On 28.09.2015 18:36, Kirill Tkhai wrote:
> On 28.09.2015 16:12, Mike Galbraith wrote:
>> On Mon, 2015-09-28 at 13:28 +0300, Kirill Tkhai wrote:
>>
>>> Looks like, NAK may be better, because it saves L1 cache, while the patch always invalidates it.
>>
>> Yeah, bounce hurts more when there's no concurrency win waiting to be
>> collected. This mixed load wasn't a great choice, but it turned out to
>> be pretty interesting. Something waking a gaggle of waiters on a busy
>> big socket should do very bad things.
>>
>>> Could you say, do you execute pgbench using just -cX -jY -T30 or something special? I've tried it,
>>> but the dispersion of the results much differs from time to time.
>>
>> pgbench -T $testtime -j 1 -S -c $clients
>
> Using -S the results stabilized. It looks like my db is enormous, and some problem with that. I will
> investigate.
>
> Thanks!
>
>>>> Ok, that's what I want to see, full repeat.
>>>> master = twiddle
>>>> master+ = twiddle+patch
>>>>
>>>> concurrent tbench 4 + pgbench, 2 minutes per client count (i4790+smt)
>>>> master master+
>>>> pgbench 1 2 3 avg 1 2 3 avg comp
>>>> clients 1 tps = 18599 18627 18532 18586 17480 17682 17606 17589 .946
>>>> clients 2 tps = 32344 32313 32408 32355 25167 26140 23730 25012 .773
>>>> clients 4 tps = 52593 51390 51095 51692 22983 23046 22427 22818 .441
>>>> clients 8 tps = 70354 69583 70107 70014 66924 66672 69310 67635 .966
>>>>
>>>> Hrm... turn the tables, measure tbench while pgbench 4 client load runs endlessly.
>>>>
>>>> master master+
>>>> tbench 1 2 3 avg 1 2 3 avg comp
>>>> pairs 1 MB/s = 430 426 436 430 481 481 494 485 1.127
>>>> pairs 2 MB/s = 1083 1085 1072 1080 1086 1090 1083 1086 1.005
>>>> pairs 4 MB/s = 1725 1697 1729 1717 2023 2002 2006 2010 1.170
>>>> pairs 8 MB/s = 2740 2631 2700 2690 3016 2977 3071 3021 1.123
>>>>
>>>> tbench without competition
>>>> master master+ comp
>>>> pairs 1 MB/s = 694 692 .997
>>>> pairs 2 MB/s = 1268 1259 .992
>>>> pairs 4 MB/s = 2210 2165 .979
>>>> pairs 8 MB/s = 3586 3526 .983 (yawn, all within routine variance)
>>>
>>> Hm, it seems tbench with competition is better only because of a busy system makes tbench
>>> processes be woken on the same cpu.
>>
>> Yeah. When box is really full, select_idle_sibling() (obviously) turns
>> into a waste of cycles, but even as you approach that, especially when
>> filling the box with identical copies of nearly fully synchronous high
>> frequency localhost packet blasters, stacking is a win.
>>
>> What bent my head up a bit was the combined effect of making wake_wide()

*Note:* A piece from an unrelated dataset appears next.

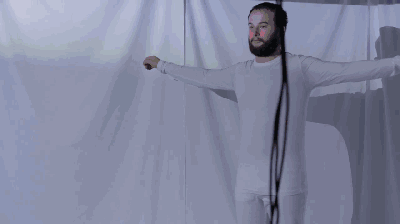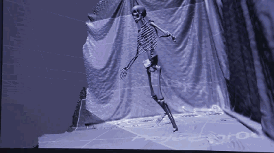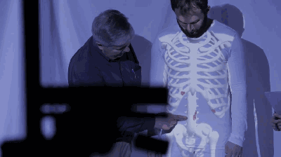 利用RoomAlive技术将人体骨架和肌肉模型投影到人身上,并能追踪人的运动。
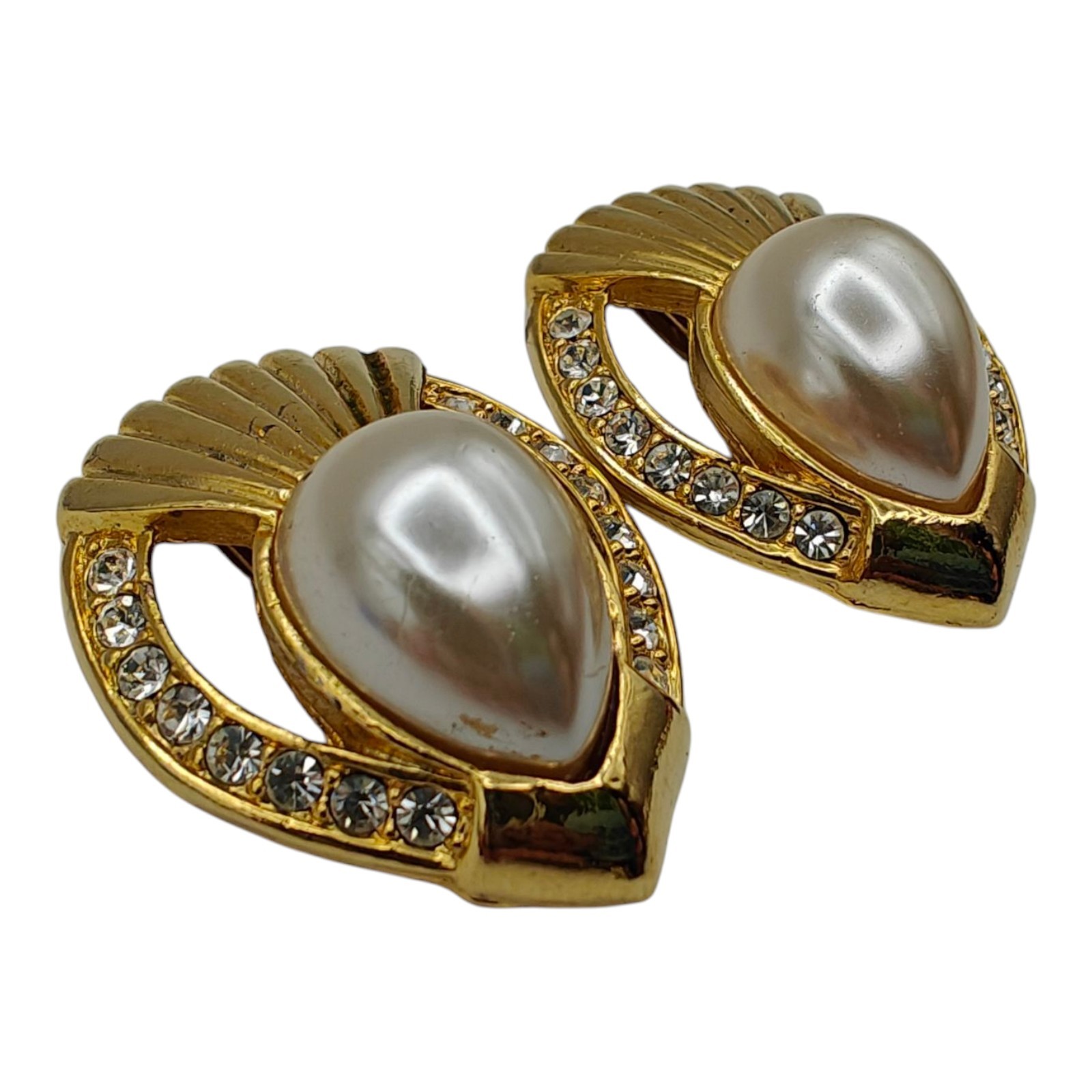 Vintage Rhinestone Gold Tone Shoe Clips Rhinestones Faux Pearls

>> really keep pgbench from collapsing then adding the affine wakeup grant
>> for tbench. It's not at all clear to me why 2,4 would be so demolished.
>
> Mike, one more moment. wake_wide() and current logic confuses me a bit.
> It makes us to decide if we want affine wakeup or not, but select_idle_sibling()

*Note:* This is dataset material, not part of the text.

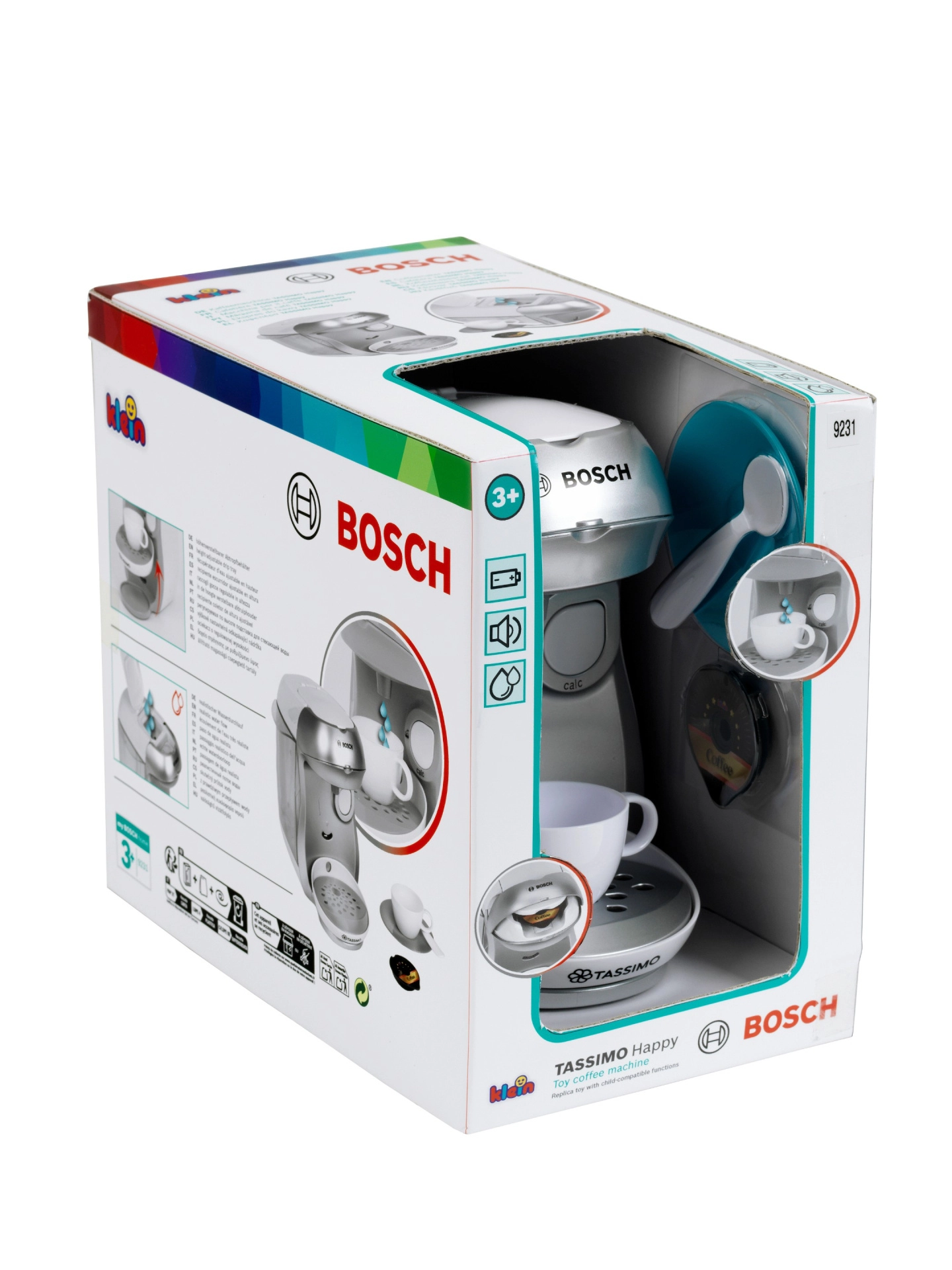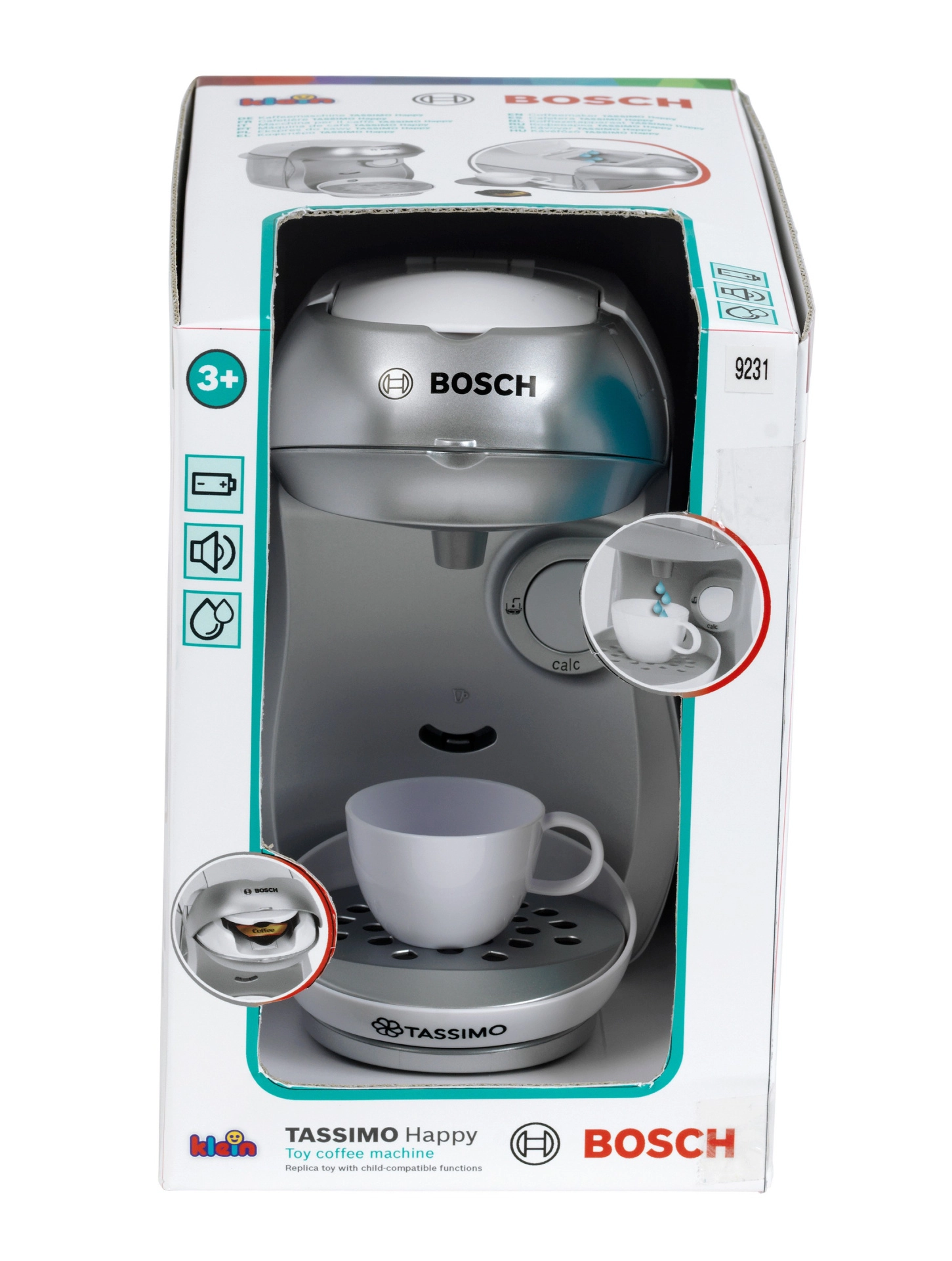 La cafetera infantil realista TASSIMO BOSCH de la marca Klein encantará a los pequeños baristas con funciones auténticas. Cuenta con tapa superior abatible para cápsulas, bandeja recogegotas, verdadero flujo de agua y efectos de sonido que imitan el funcionamiento real. Incluye taza, platillo, cucharita y cápsulas para un juego seguro y creativo.

> if a function is not for choosing this_cpu's llc domain only. We use it
> for searching in prev_cpu llc domain too, and it seems we are not interested
> in current flips in this case. Imagine a situation, when we share a mutex
> with a task on another NUMA node. When the task is realising the mutex
> it is waking us, but we definitelly won't use affine logic in this case.

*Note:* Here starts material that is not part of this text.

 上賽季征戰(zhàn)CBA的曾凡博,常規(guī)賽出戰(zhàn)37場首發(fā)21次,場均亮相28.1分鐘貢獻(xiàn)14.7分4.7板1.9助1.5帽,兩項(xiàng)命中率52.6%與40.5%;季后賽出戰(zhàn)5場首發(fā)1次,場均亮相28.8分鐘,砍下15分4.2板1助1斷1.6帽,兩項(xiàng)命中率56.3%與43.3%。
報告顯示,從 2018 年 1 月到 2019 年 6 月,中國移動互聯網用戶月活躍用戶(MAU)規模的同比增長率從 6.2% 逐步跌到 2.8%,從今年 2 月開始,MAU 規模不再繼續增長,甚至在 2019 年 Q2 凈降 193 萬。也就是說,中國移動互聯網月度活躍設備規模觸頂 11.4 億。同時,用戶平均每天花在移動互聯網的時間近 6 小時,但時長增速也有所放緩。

> We wake the wakee anywhere and loose hot cache. I changed the logic, and
> tried pgbench 1:8. The results (I threw away 3 first iterations, because
> they much differ with iter >= 4. Looks like, the reason is in uncached disk IO).
>
>
> Before:
>
> trans. | tps (i) | tps (e)
> --------------------------------------
> 12098226 | 60491.067392 | 60500.886373
> 12030184 | 60150.874285 | 60160.654295
> 11882977 | 59414.829150 | 59424.830637
> 12020125 | 60100.579023 | 60111.600176
> 12161917 | 60809.547906 | 60827.321639
> 12154660 | 60773.249254 | 60783.085165
>
> After:
>
> trans. | tps (i) | tps (e)
> --------------------------------------
> 12770407 | 63849.883578 | 63860.310019
> 12635366 | 63176.399769 | 63187.152569
> 12676890 | 63384.396440 | 63400.930755
> 12639949 | 63199.526330 | 63210.460753
> 12670626 | 63353.079951 | 63363.274143
> 12647001 | 63209.613698 | 63219.812331

All above is pgbench -j 1 -S -c 8 -T 200.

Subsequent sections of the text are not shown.